Зло глянул Кондрат на сына и словно впервые увидел — иссиня-черные брови срослись на переносице, прикрывают глаза, похожие на угли в горне. И ростом — добрая сажень.
— Ты… ты думай, чего городишь. На чью шею хомут свой наденешь? — вконец обозлился Кондрат.
— Какой?
— Жену свою.
— Пускай пока тут, потом к себе заберу.
Этот разговор завелся в кузнице, а закончился вечером дома.
— Иди, иди, пусть шайтаны таскают тебя по свету!
— Не дури! — прикрикнула на мужа Устинья. — Кого клянешь? Родного сына. А может, он свое счастье там найдет.
— Как же, держи карман шире!
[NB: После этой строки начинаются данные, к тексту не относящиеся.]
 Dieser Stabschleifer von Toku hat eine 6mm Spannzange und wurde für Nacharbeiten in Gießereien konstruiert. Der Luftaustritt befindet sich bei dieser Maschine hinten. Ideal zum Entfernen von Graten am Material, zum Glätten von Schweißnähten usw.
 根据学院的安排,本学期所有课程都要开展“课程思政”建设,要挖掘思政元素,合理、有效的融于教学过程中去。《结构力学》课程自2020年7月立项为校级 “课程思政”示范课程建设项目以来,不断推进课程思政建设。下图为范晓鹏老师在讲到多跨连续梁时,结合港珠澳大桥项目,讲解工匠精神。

Знаю, чего он найдет!.. Нет, не благословлю. — Отец махнул рукой, как саблей, словно отрубая от себя сына. — На дорогу ни копейки не дам.
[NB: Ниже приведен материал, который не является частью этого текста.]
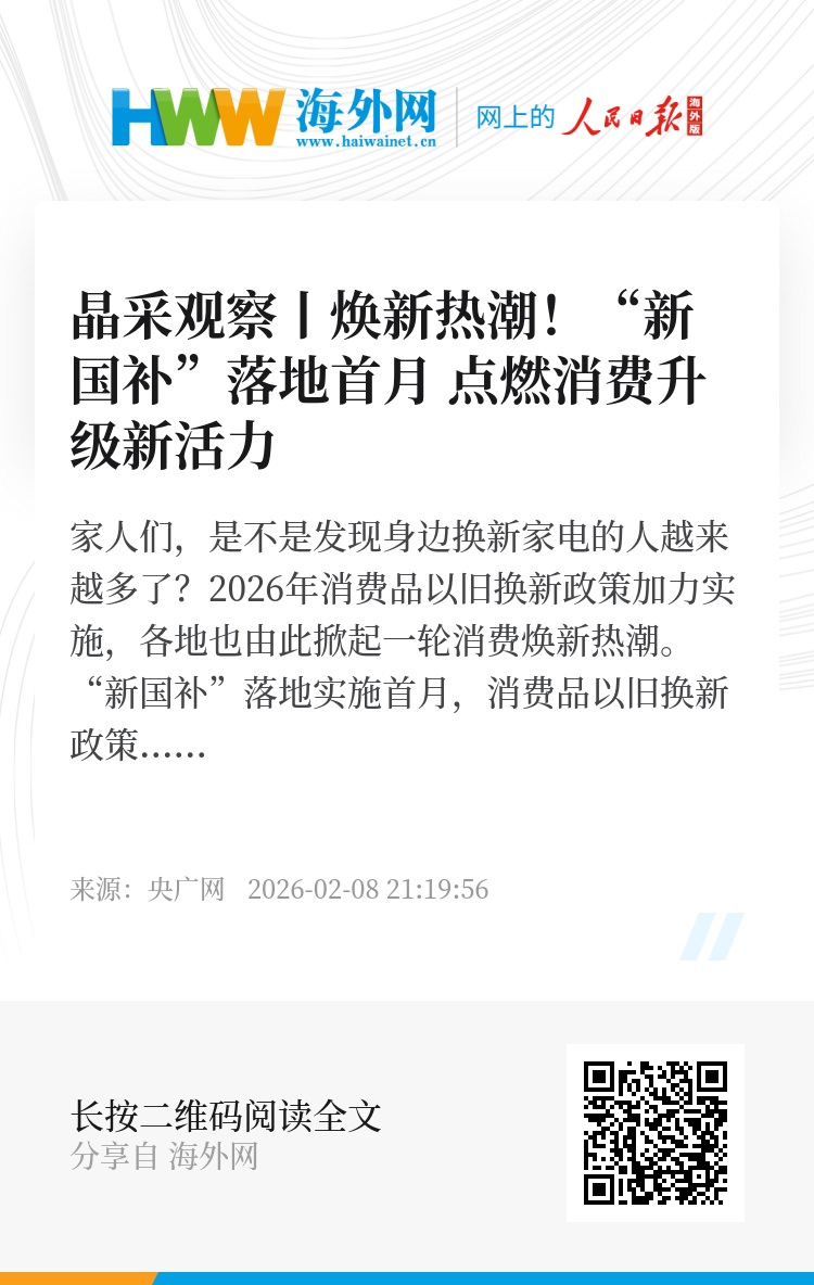 总的来说,“新国补”首月的热度,离不开春节旺季的助推。春节要添新、要体面,换的是家里的旧物件,是春节回家的底气,提升的是我们的生活品质,这股火热的消费势头,更成为我国经济稳步向好、消费活力持续释放的鲜明信号。
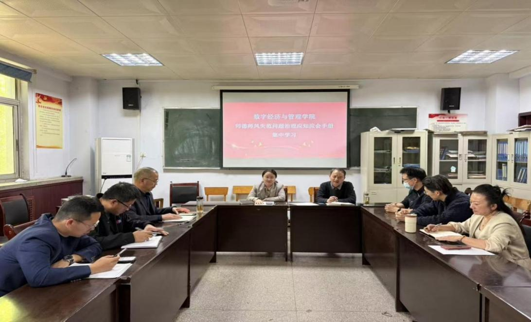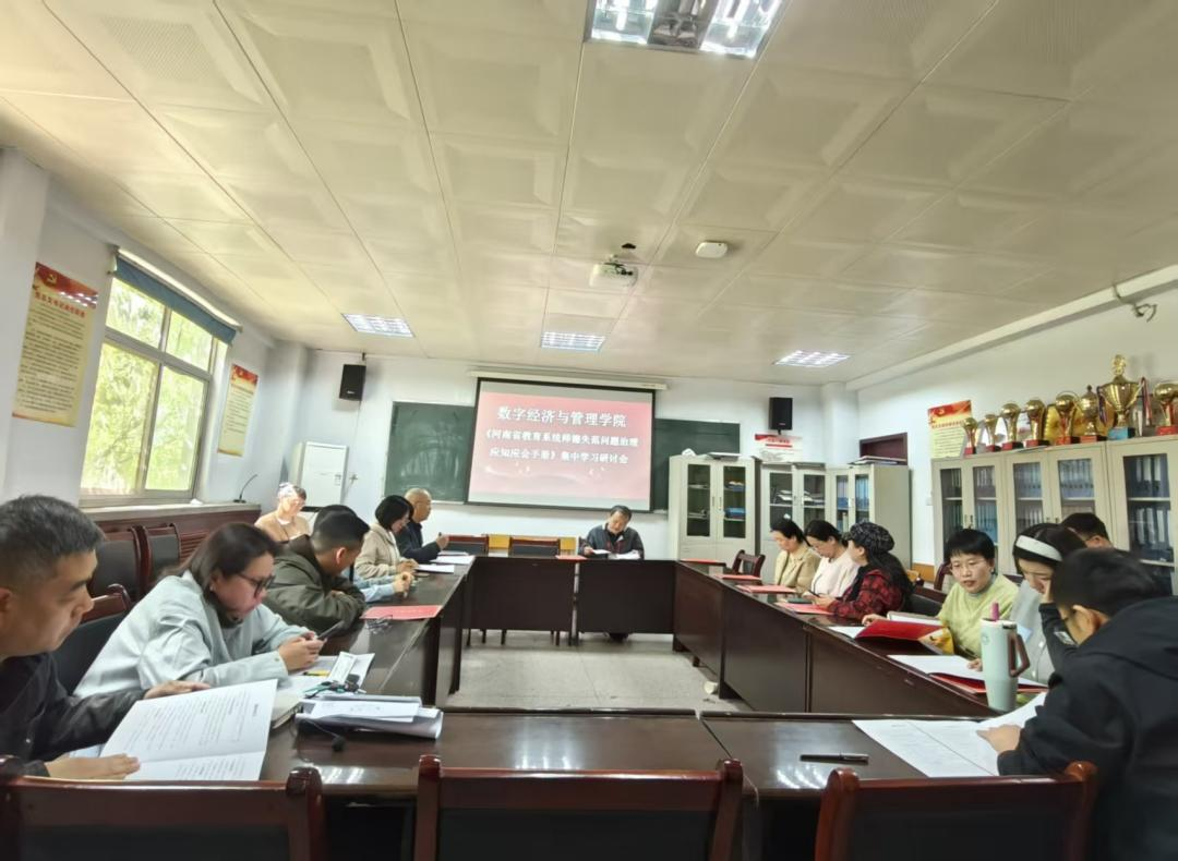 为深入贯彻落实河南省教育系统师德师风建设相关部署,进一步规范教师职业行为,提升教师队伍职业道德水平,近日,数字经济与管理学院分层推进《河南省教育系统师德失范问题治理应知应会手册》(以下简称《手册》)专题学习研讨活动。
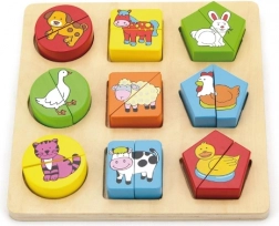 VIGA oferuje drewniane edukacyjne puzzle z dziewięcioma kolorowymi elementami, z których dzieci mogą tworzyć obrazy różnych zwierząt, takich jak krówki, kaczuszki i króliczki. Gra pozwala rozwijać umiejętności motoryczne oraz poznawanie kolorów i kształtów. Dzięki bezpiecznym i nietoksycznym farbom, te puzzle są idealne dla małych dzieci.

— Кабы она у тебя была, копейка-то, — усмехнулся Гурьян.
— А это что? — распетушился Кондрат, показывая трешницу.
— И эту трешку Андрон прожрет.
Мокрой от слез стала в ту ночь двуспальная подушка в грубой домотканой наволочке. До самого утра, как порывистый ветер с дождем, вздыхала и плакала Окся. Встала с опухшими, заплывшими веками.
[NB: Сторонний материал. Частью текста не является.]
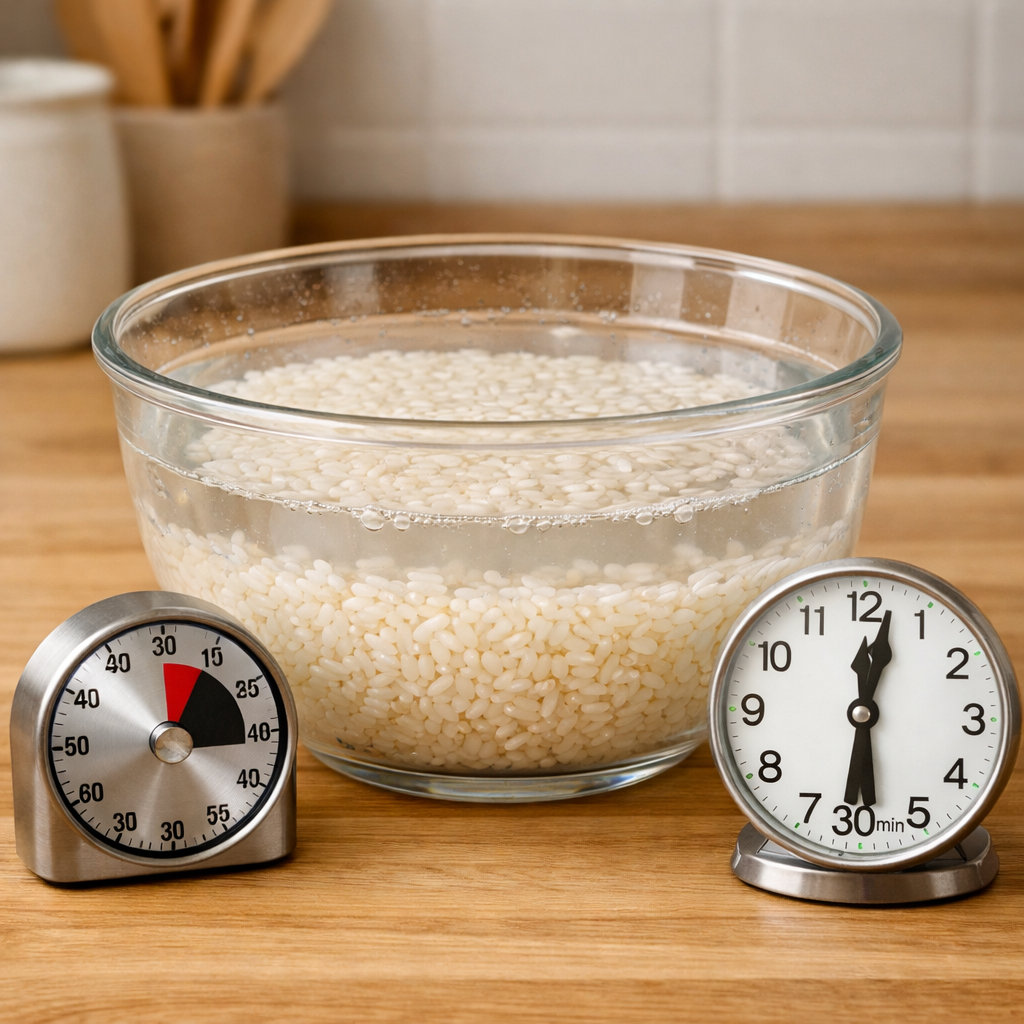 쌀은 30분 정도 불려주세요. 그래야 밥알이 더 탱글탱글~
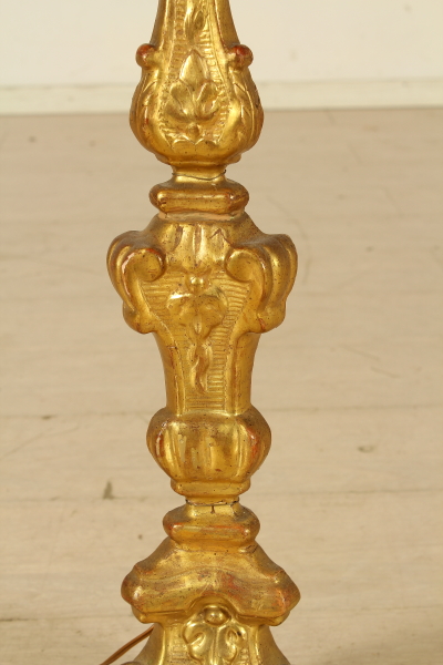 Twist, turned a table lamp. Carved In wood and pellet; Brown partially revived in the nineteenth century.

— Не убивайся, — сочувствовала Устинья. — И другие мужики уезжают. И свекор твой по чужим сторонам хаживал. Замеси для муженька лепешки, да не на слезах своих — на молоке замеси.
Гурьян умылся у колодца во дворе и с мокрым лицом вошел в дом утереться. Мать острием ножа протыкала уже
раскатанные на столе пресные лепешки, чтобы не отстала верхняя корка. Дырочки напоминали птиц в небе.— Нам с Оксей некогда, — сказала она. — Сам сходи огурцов нарви на дорогу.
Гурьян вышел во двор. Острой жалостью отдалось в сердце цыпиканье отставшего от выводка цыпленка, доносившееся из крапивника. Склонился над грядкой, срывая усеянные колючими пупырышками заплаканные огурцы.
Мать сказала, чтобы он взял с собой в дорогу теплый бобриковый пиджак, а снохе наказала пришить к подкладке на спине кармашек — паспорт носить. Аксинья достала с полки своей рукодельный коробок, нашла в нем зеленый лоскут и принялась за работу. И то ли потому, что из-за слез рук своих не видала, долго возилась с нехитрым делом, наконец перекусила нитку и, погладив ладонью шероховатый бобрик, вздохнула, подергала пуговицы — надежно ли пришиты.
После завтрака Гурьян сложил в мешок все, что надо было взять с собой, — котомка вышла преизрядная, — и стал прощаться. Аксинья, всхлипывая, прикрывала концом зеленого платка обезображенный плачем рот.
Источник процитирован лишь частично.